◆ Activity:
Your answer should give again, exactly, the lines from the beginning of the entries below through the line containing "Oalka Sports Bra". It must contain no pictures.

Records excerpted from a collection
___

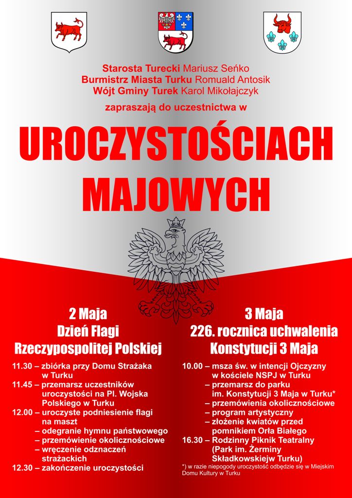 Obchody 226. rocznicy uchwalenia Konstytucji 3 Maja rozpoczną się mszą świętą w intencji Ojczyzny, odprawioną o godz. 10.00 w kościele NSPJ w Turku. Po nabożeństwie uczestnicy uroczystości przejdą do parku im. Konstytucji 3 Maja, gdzie zaplanowana została część patriotyczna. Wystąpienie okolicznościowe wygłoszą Burmistrz Turku i poseł na Sejm RP, Ryszard Bartosik, zaś uczniowie Gimnazjum nr 1 im. Lotnictwa Polskiego w Turku zaprezentują część artystyczną. Na zakończenie zebrani złożą kwiaty przy pomniku Orła Białego. Popołudniową część święta organizuje Miejski Dom Kultury, który już po raz XXV przeprowadzi Turkowskie Prezentacje Teatrów Ulicznych TURKOSTRADA. Prezentacje rozpoczną się o godz. 15.00 na parkingu przy klubie „Barbórka”. Następnie od 16.30 w dużym parku odbędzie się Rodzinny Piknik Teatralny. Na zakończenie dnia, o godz. 21.30 teatry będzie można oglądać ponownie na parkingu przy „Barbórce”.
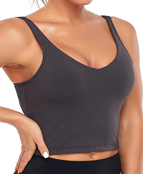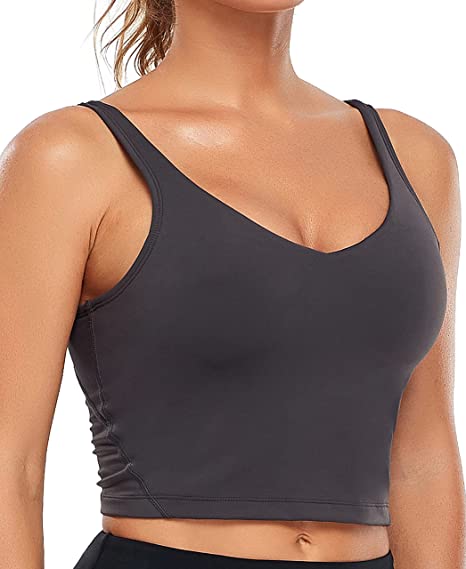 Oalka Sports Bra Womens Longline Padded Crop Tank Yoga Bras Workout Fitness Top
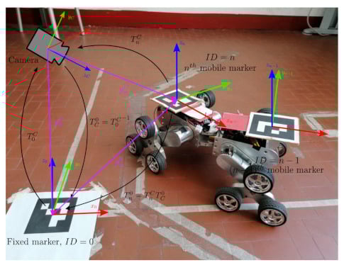 As can be seen in Figure 4, two ArUco markers, a set of open source square fiducial markers, designed for the fast processing of high quality images [24,25,26], were fixed to the robot (one per module), while one was fixed to the ground at an arbitrary location. The camera recording the tests was free to move in the environment; its position only affects the accuracy of the measure. The test recordings were then post-processed by a custom marker-tracking algorithm that first searched for a set of markers and then estimated the homogeneous transformation , a representation of the pose of the marker in the camera reference frame. The poses and of the two moving markers were then estimated with respect to the marker fixed to the ground, representing the world reference frame, by applying a concatenation of homogeneous transformations such as . With this approach, the camera can move freely, and the tracking results could still cohere to the desired reference frame. As anticipated, the camera position only influenced the accuracy of the measure, since the system used just a single camera; therefore, the picture depth estimation was noisy.
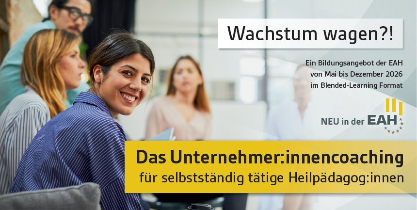 Ab dem 30. Mai 2026 startet das Unternehmer:innencoaching als EAH Angebot für selbstständige Heilpädagog:innen. Das Coaching für heilpädagogische Unternehmer:innen vereint zwei Prozesse: Die persönliche Weiterentwicklung der unternehmerischen Rolle sowie die Vermittlung von Fachinformationen zu grundlegenden unternehmerischen Fragestellungen. In dem hybriden Veranstaltungsformat mit sechs Terminen innerhalb von acht Monaten stehen diese beiden Prozesse im Mittelpunkt.
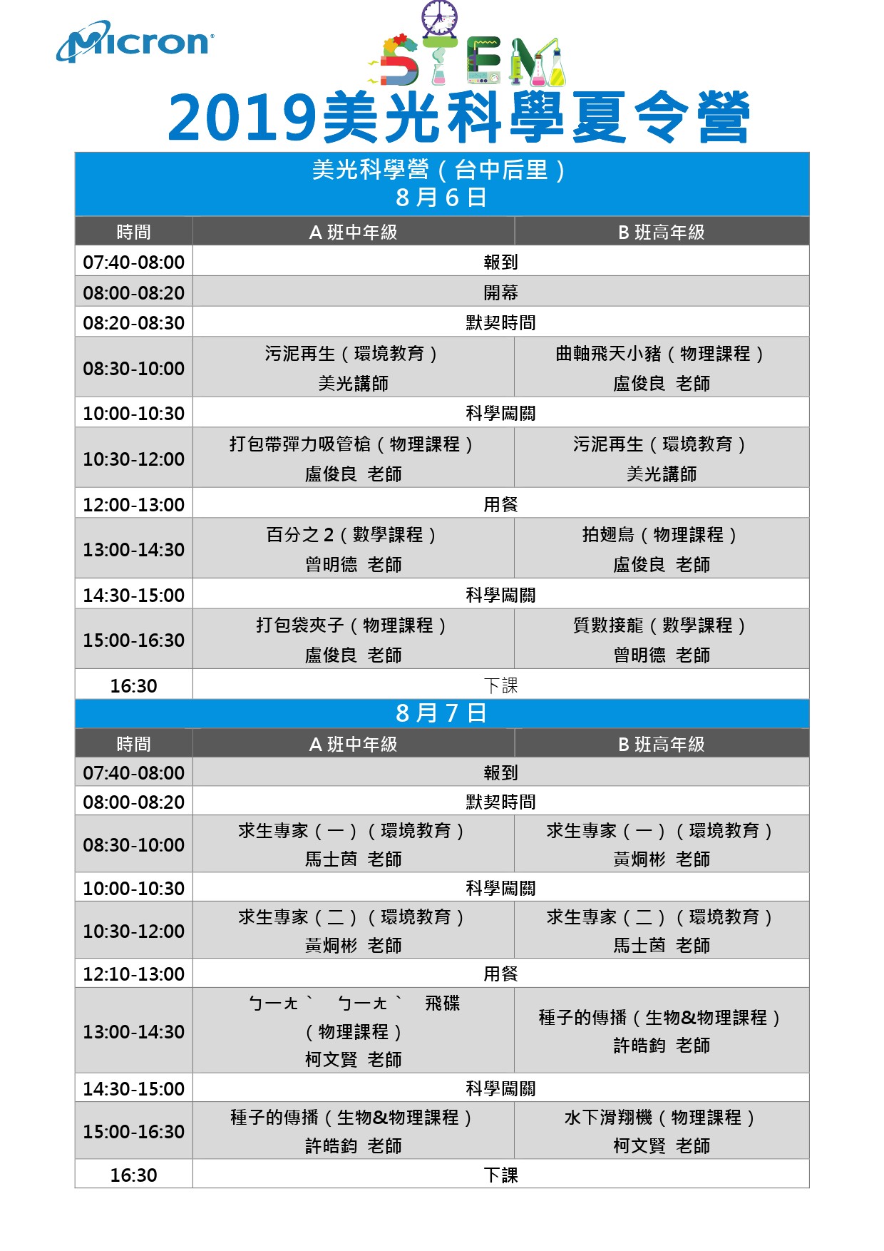 (遠哲官網-->活動專區-->2019年美光科學營 (台中后里場))
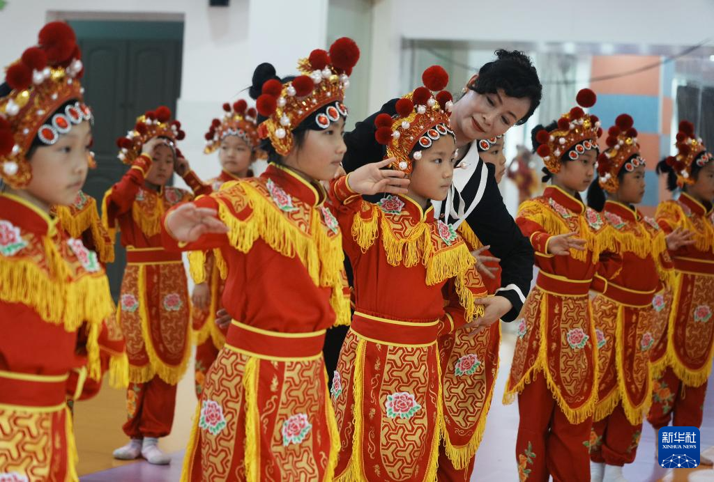 在江西省宜黄县水北新区小学,老师带领学生们排练六一儿童节的宜黄戏节目(5月25日摄)。
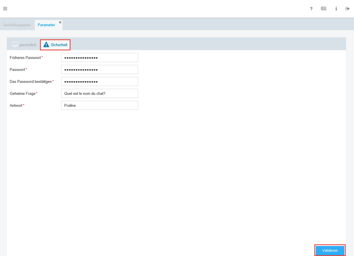 Es ist möglich, das Passwort und die geheime Frage/Antwort bei vergessenem Passwort zu ändern.
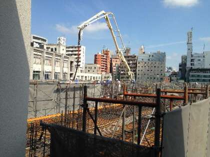 朝一番からコンクリートミキサー車が続々と来ています。いよいよ2階部分への流し込みです。
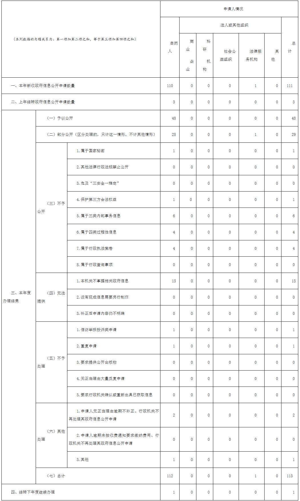 2025年,全县各机关单位共新增收到政府信息公开申请111件,上一年度转结办理3件,均依法依规在法定期限内完成答复,转结下一年度办理1件。

___

◆ Solved exercise:
 Obchody 226. rocznicy uchwalenia Konstytucji 3 Maja rozpoczną się mszą świętą w intencji Ojczyzny, odprawioną o godz. 10.00 w kościele NSPJ w Turku. Po nabożeństwie uczestnicy uroczystości przejdą do parku im. Konstytucji 3 Maja, gdzie zaplanowana została część patriotyczna. Wystąpienie okolicznościowe wygłoszą Burmistrz Turku i poseł na Sejm RP, Ryszard Bartosik, zaś uczniowie Gimnazjum nr 1 im. Lotnictwa Polskiego w Turku zaprezentują część artystyczną. Na zakończenie zebrani złożą kwiaty przy pomniku Orła Białego. Popołudniową część święta organizuje Miejski Dom Kultury, który już po raz XXV przeprowadzi Turkowskie Prezentacje Teatrów Ulicznych TURKOSTRADA. Prezentacje rozpoczną się o godz. 15.00 na parkingu przy klubie „Barbórka”. Następnie od 16.30 w dużym parku odbędzie się Rodzinny Piknik Teatralny. Na zakończenie dnia, o godz. 21.30 teatry będzie można oglądać ponownie na parkingu przy „Barbórce”.
 Oalka Sports Bra Womens Longline Padded Crop Tank Yoga Bras Workout Fitness Top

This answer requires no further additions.